ASN Banten Dilarang Terima Parsel Lebaran, Gubernur Andra Soni Ingatkan Soal Gratifikasi

×

ASN Banten Dilarang Terima Parsel Lebaran, Gubernur Andra Soni Ingatkan Soal Gratifikasi

Sebarkan artikel ini
ASN Banten Dilarang Terima Parsel Lebaran, Gubernur Andra Soni Ingatkan Soal Gratifikasi
Gubernur Banten Andra Soni memberikan keterangan kepada wartawan.

Ringkasan Berita

  • Gubernur Banten Andra Soni menerbitkan Surat Edaran Nomor 5 Tahun 2026 tentang pencegahan gratifikasi.
  • ASN Pemprov Banten dilarang menerima parsel, bingkisan, uang, atau fasilitas saat Idul Fitri.
  • Jika terlanjur menerima, ASN wajib melaporkan ke KPK atau Unit Pengendalian Gratifikasi dalam 30 hari kerja.
  • Makanan yang mudah rusak boleh disalurkan sebagai bantuan sosial setelah berkoordinasi dengan UPG.
  • Masyarakat juga bisa melaporkan dugaan gratifikasi melalui email atau aplikasi pelaporan KPK.

Berita Utama

FOKUS BANTEN – SERANG. Gubernur Banten Andra Soni mengingatkan Aparatur Sipil Negara di lingkungan Pemprov Banten untuk tidak menerima bingkisan Lebaran yang berpotensi menjadi gratifikasi.

Peringatan itu dituangkan dalam Surat Edaran Nomor 5 Tahun 2026 tentang pencegahan dan pengendalian gratifikasi menjelang Hari Raya Idul Fitri.

Dalam surat tersebut, ASN diminta menolak berbagai bentuk pemberian yang berkaitan dengan jabatan. Mulai dari uang, parsel, fasilitas hingga bentuk hadiah lainnya.

“Apabila menerima gratifikasi yang berhubungan dengan jabatan dan berlawanan dengan kewajiban atau tugasnya maka wajib melaporkan kepada KPK atau melalui Unit Pengendalian Gratifikasi (UPG) Provinsi Banten (dan) Inspektorat Daerah Provinsi Banten dalam jangka waktu 30 Hari Kerja sejak tanggal penerimaan gratifikasi,” tulis Andra dalam surat tersebut.

Pemprov juga memberi jalan keluar jika bingkisan yang diterima berupa makanan yang mudah rusak. Barang semacam itu boleh disalurkan sebagai bantuan sosial.

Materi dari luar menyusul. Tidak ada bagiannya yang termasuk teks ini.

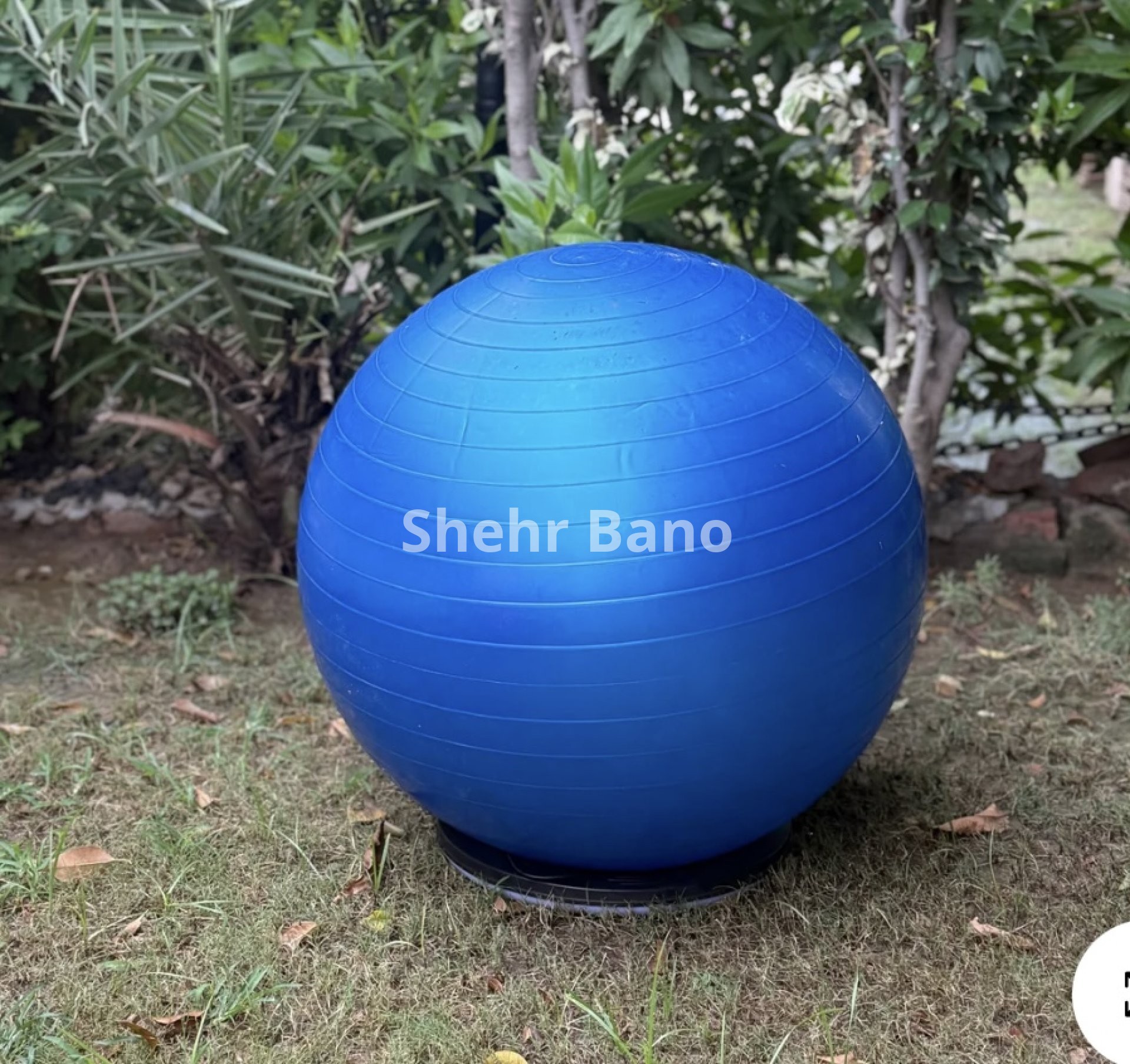 Also called exercise ball, stability ball, or balance ball

“(Dilakukan) setelah melakukan koordinasi kepada Unit Pengendalian Gratifikasi (UPG) Provinsi Banten disertai penjelasan dan dokumentasi penyerahannya. Selanjutnya UPG melaporkan rekapitulasi penerimaan tersebut kepada Komisi Pemberantasan Korupsi,” tulisnya.

Larangan ini tidak hanya berlaku bagi ASN di organisasi perangkat daerah. Direktur rumah sakit daerah dan pegawai BUMD juga diminta mematuhi aturan yang sama.

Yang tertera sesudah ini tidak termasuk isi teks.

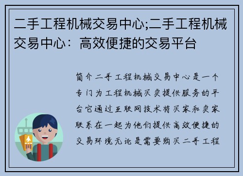 二手工程机械交易中心;二手工程机械交易中心:高效便捷的交易平台
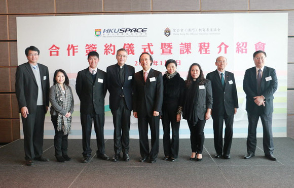 為慶祝這港澳教育合作的重要里程碑, HKU SPACE與聖公會澳門教育專業協會在2015年1月7日,假澳門觀光塔舉行「合作簽約儀式暨課程介紹會」。出席介紹會的嘉賓,除了HKU SPACE常務副院長陳永華教授、聖公會澳門教育專業協會管理委員會主席管浩鳴牧師及兩院校的一眾代表外,更邀請到ACCA香港分會教育及發展經理王珩女士、CIMA 市場及拓展經理馮美玉女士及AIA香港分會亞太區區域總監 彭子堅先生及行政總監袁耀坤先生出席。

“Fasilitas dinas hanya untuk kepentingan terkait kedinasan,” tuturnya.

Pemprov Banten juga membuka ruang bagi masyarakat yang menemukan dugaan gratifikasi. Laporan bisa dikirim melalui email upg.banten@gmail.com atau langsung ke KPK melalui aplikasi pelaporan gratifikasi online.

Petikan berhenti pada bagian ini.